En su siguiente obra continúa sobre la senda de la brevedad para contar la historia de Makina, una mujer que debe de viajar al norte a buscar a un hermano extraviado. Una anécdota en apariencia sencilla que adquiere peso específico cuando la realidad es abordada desde una óptica simbolista que se entrevera con la herencia prehispánica.
Conversamos con el autor de Señales que precederán al fin del mundo (Periférica, 2009) para constatar que se trata de un escritor preocupado por la naturaleza misma del lenguaje y convencido de que en este oficio hacen falta perseverancia y contención a partes iguales.
—La novela contemporánea no se ciñe a las estructuras tradicionales, combina géneros y suele ser concentradora a la vez que elusiva. Tu novela por momentos se siente como una pieza metafísica, llena de simbolismos, luego da indicios de convertirse en cierta ficción apocalíptica, pero no deja de ser también una obra sobre el viaje iniciático, ¿cómo lograr que funcione así?

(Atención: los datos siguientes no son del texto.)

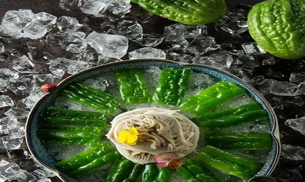 1、將涼瓜洗凈,切成長6.5厘米、寬3厘米的長方塊,汆水30秒,過涼水後瀝幹,放入冰盤中做造型備用;

—Creo que si funciona es porque para mí lo importante es no perder de vista que se está contando una historia, y que los símbolos o las reflexiones deben supeditarse a ella. Cómo hacer para que funcionen orgánicamente los distintos ingredientes que tenga a la mano, ésa es la labor a la que se enfrenta cada persona que escribe.
—Trabajas al extremo con el lenguaje para que recorra el habla popular indígena y ciertos modos fronterizos. Es una labor minuciosa y muy lograda, ¿crees que llega a convertirse incluso en algo más importante que la propia historia narrada?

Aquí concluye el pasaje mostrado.